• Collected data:
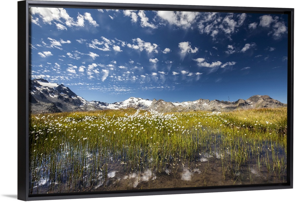 <p>Eriophorus (cotton grass) blooming in the water of a lake in Upper Engadine, surrounded by the Swiss Alps, Graubunden, Switzerland, Europe</p>
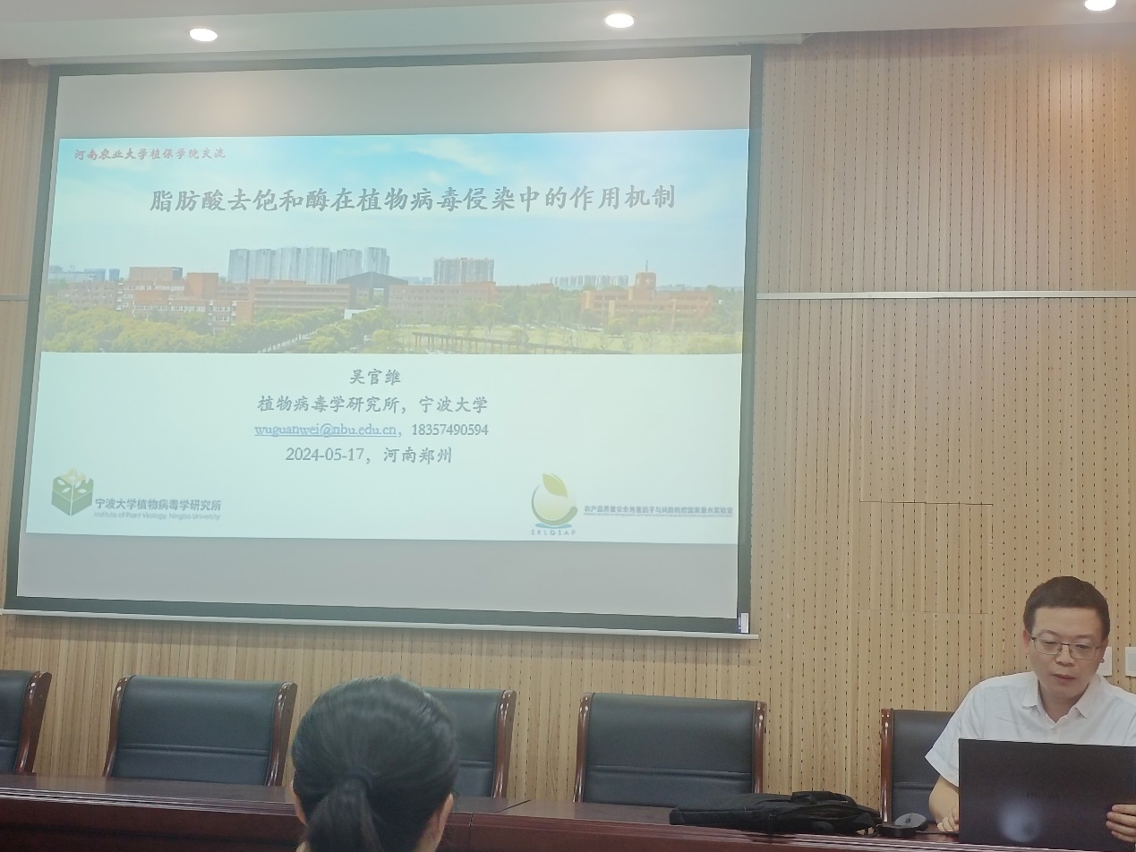 吴官维副研究员作题为“脂肪酸去饱和酶在植物病毒侵染中的作用机制” 的学术报告
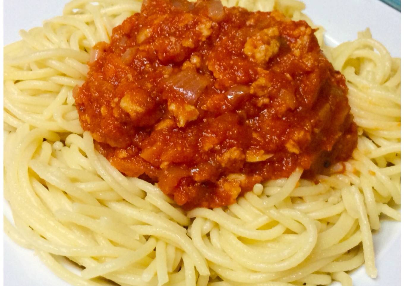 - Poner a cocer los espaguetis en abundante agua con sal hasta que estén al dente. Escurrir y saltear con 1 cucharada de aceite y los ajos finamente picados. Una vez rehogados servir con la salsa boloñesa por encima, o también mezclando todo en la cacerola.
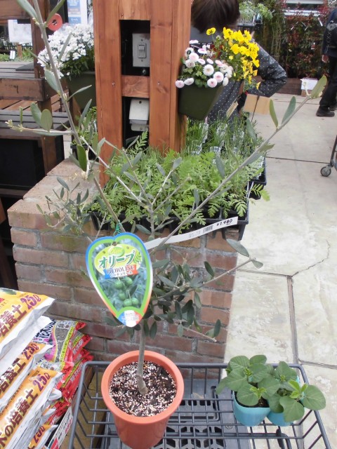 ↑オリーブの若木と、枝豆の苗を買った。
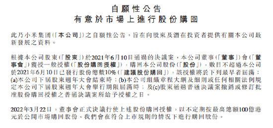 新浪科技讯 3月22日晚间消息,小米集团发布公告称,2022年3月22日,董事会正式决议行使上述股份购回授权,以不定期按最高总额100亿港元于公开市场购回股份。
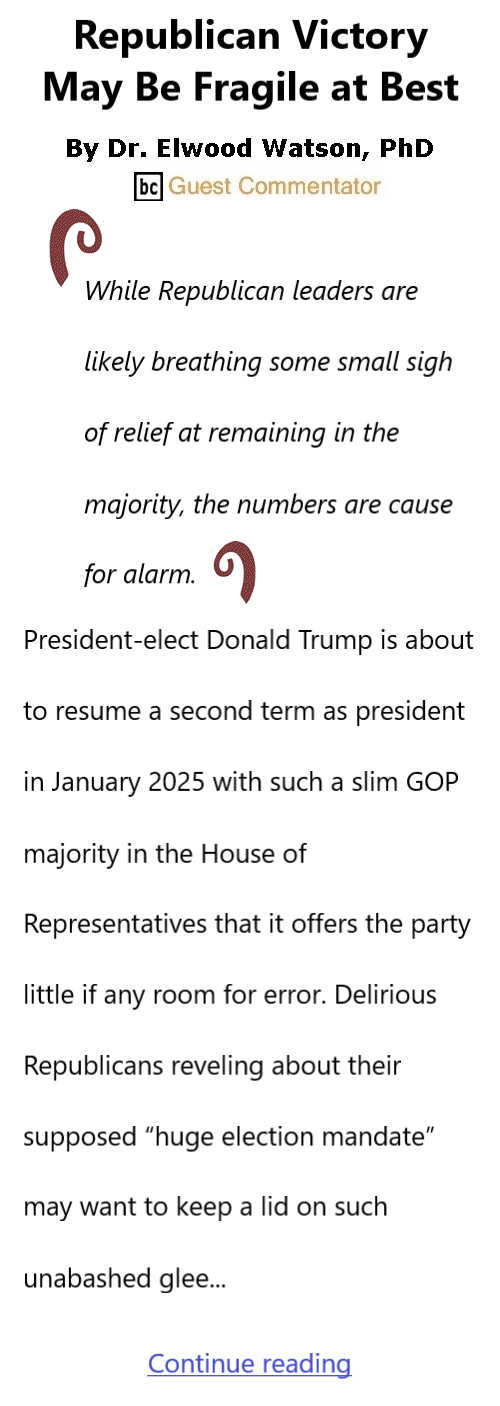 Republican Victory May Be Fragile at Best By Dr. Elwood Watson
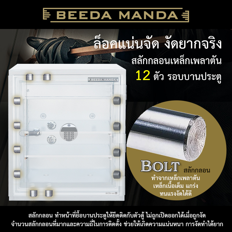- สลักกลอน 12 ตัว ทำจากเหล็กเพลาตัน ไม่หักงอง่ายเมื่อถูกงัด
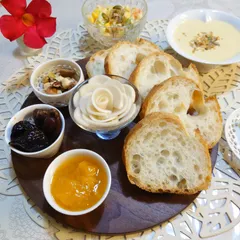 プルーン味噌つくりました😋 先日頂いたカッティングボードに盛り付けました😄タレで汚れちゃいそうなので、小皿にのせました💦鶏むね肉を薄切りして、甘酒とプルーン味噌に漬け込み、薄力粉をまぶして米油でソテー。プルーン味噌にマヨネーズを混ぜてディップにして、プルーン味噌と一緒にスライスした蕪にのせました😋 美味しいおつまみに
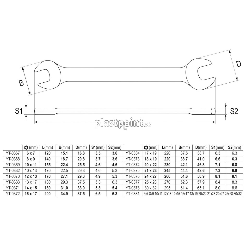 • Kľúče stranové sada 10 kusov 6-27 mm CrV Yato 10x11, 12x13, 14x15, 16x17, 18x19, 20x22, 21x23, 24x27 mm
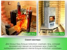 سيكون الاختلاف التالي هو الفرن. في أغلب الأحيان ، تم تجهيز غرف الساونا بمواقد كهربائية بها حجارة في الأعلى. يقومون بتسخين غرفة البخار في وقت قصير والحفاظ على درجة الحرارة المطلوبة لفترة طويلة. عادة ما تصنع المواقد الحجرية الضخمة في الحمام. يستغرق الإحماء وقتًا أطول ، لكنه يظل دافئًا جيدًا وينتج بخارًا جافًا. في مثل هذه الأفران ، عادة ما تكون الحجارة بالداخل ، ونتيجة لذلك يتم الاحتفاظ بالحرارة. بالإضافة إلى ذلك ، في الحمام ، هناك حاجة إلى موقد لتسخين المرجل بالماء. في الساونا ، ليس لديها مثل هذه الوظيفة..

• ASSIGNMENT:
Would you copy every entry exactly as it stands, leaving out the pictures?

• TASK OUTPUT:
 <p>Eriophorus (cotton grass) blooming in the water of a lake in Upper Engadine, surrounded by the Swiss Alps, Graubunden, Switzerland, Europe</p>
 吴官维副研究员作题为“脂肪酸去饱和酶在植物病毒侵染中的作用机制” 的学术报告
 - Poner a cocer los espaguetis en abundante agua con sal hasta que estén al dente. Escurrir y saltear con 1 cucharada de aceite y los ajos finamente picados. Una vez rehogados servir con la salsa boloñesa por encima, o también mezclando todo en la cacerola.
 ↑オリーブの若木と、枝豆の苗を買った。
 新浪科技讯 3月22日晚间消息,小米集团发布公告称,2022年3月22日,董事会正式决议行使上述股份购回授权,以不定期按最高总额100亿港元于公开市场购回股份。
 Republican Victory May Be Fragile at Best By Dr. Elwood Watson
- สลักกลอน 12 ตัว ทำจากเหล็กเพลาตัน ไม่หักงอง่ายเมื่อถูกงัด
 プルーン味噌つくりました😋 先日頂いたカッティングボードに盛り付けました😄タレで汚れちゃいそうなので、小皿にのせました💦鶏むね肉を薄切りして、甘酒とプルーン味噌に漬け込み、薄力粉をまぶして米油でソテー。プルーン味噌にマヨネーズを混ぜてディップにして、プルーン味噌と一緒にスライスした蕪にのせました😋 美味しいおつまみに
 • Kľúče stranové sada 10 kusov 6-27 mm CrV Yato 10x11, 12x13, 14x15, 16x17, 18x19, 20x22, 21x23, 24x27 mm
 سيكون الاختلاف التالي هو الفرن. في أغلب الأحيان ، تم تجهيز غرف الساونا بمواقد كهربائية بها حجارة في الأعلى. يقومون بتسخين غرفة البخار في وقت قصير والحفاظ على درجة الحرارة المطلوبة لفترة طويلة. عادة ما تصنع المواقد الحجرية الضخمة في الحمام. يستغرق الإحماء وقتًا أطول ، لكنه يظل دافئًا جيدًا وينتج بخارًا جافًا. في مثل هذه الأفران ، عادة ما تكون الحجارة بالداخل ، ونتيجة لذلك يتم الاحتفاظ بالحرارة. بالإضافة إلى ذلك ، في الحمام ، هناك حاجة إلى موقد لتسخين المرجل بالماء. في الساونا ، ليس لديها مثل هذه الوظيفة..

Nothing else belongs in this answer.